La cuisine turque

Essential Turkish Cuisine est en passe de devenir une bible culinaire pour les amoureux des spécialités ottomanes. Il remet en contexte, à la manière de Claudia Roden, nous prouvant une fois de plus que manger, c’est de la culture, c’est un patrimoine. Ainsi, vous en apprendrez énormément à propos des plats impériaux, ou sur les différentes communautés qui ont façonné le visage de la Turquie.

Bien sûr, les saveurs reconnaissables sont là: beurre noisette, aubergine fumée ou mastic au succulent goût de résine. Pour vous y initier, le pain Bayram en utilise, en association avec du clou de girofle et de la cassia (un bois de la famille des canneliers).

Vous retrouverez également des classiques de la communauté arménienne chrétienne, comme ces Topik, comme des falafels mais faits de purée de fèves sèches et garnis d’un mélange de pommes de terre, oignons, pistache et tahine. Désormais, direction la Mer Noire où l’on reprend le principe des feuilles de vigne, mais avec du kale, garni d’une préparation à base de farine de maïs.

cuisine turque

Nous aimons que les recettes soient si variées. D’un côté, voici des spécialités faciles à cuisiner à la maison, comme ces oeufs aux oignons du petit déjeuner (voir en photo), et de l’autre, le tarhana, qui prend une vingtaine de jours à préparer.
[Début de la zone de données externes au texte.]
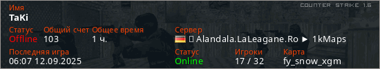 Играет на Counter Strike 1.6 сервере. Страна: ГерманияПервый раз замечен 16:59 17.07.2024

Cette base fermentée pour la soupe combine poivrons, yaourt et blé. Il est peu probable qu’on le réalise dans un petit appartement citadin, mais l’histoire et la lecture de ces gestes ancestraux sont passionnants.

L’emplacement stratégique de la Turquie fait qu’on peut aussi bien déceler des influences orientales que caucasiennes dans sa cuisine. Pensez aussi bien aneth et pickles (comme ces aubergines farcies en pickles qui transforment la simple conserve en art) qu’agneau et pignons -qui s’acoquinent dans des köftes au boulgour.

Puis, comme c’est la saison, l’Ayvali Kuzu ou agneau aux coings, reprend la même  association que dans ces coings farcis, mais sans passer des heures à la découpe. Ici, on ajoute également du pekmez, cette mélasse de raisin dont les turcs raffolent.

Une partie est également consacrée aux plats de palace, ceux que l’on servait aux sultans. C’est là que vous verrez le kazandibi, pudding lacté à la croûte caramélisée, les oeufs que nous mentionnons ci-dessus, ou encore le gullac, douce spécialité de Ramadan.
Un livre qui nourrit aussi bien le corps que l’esprit.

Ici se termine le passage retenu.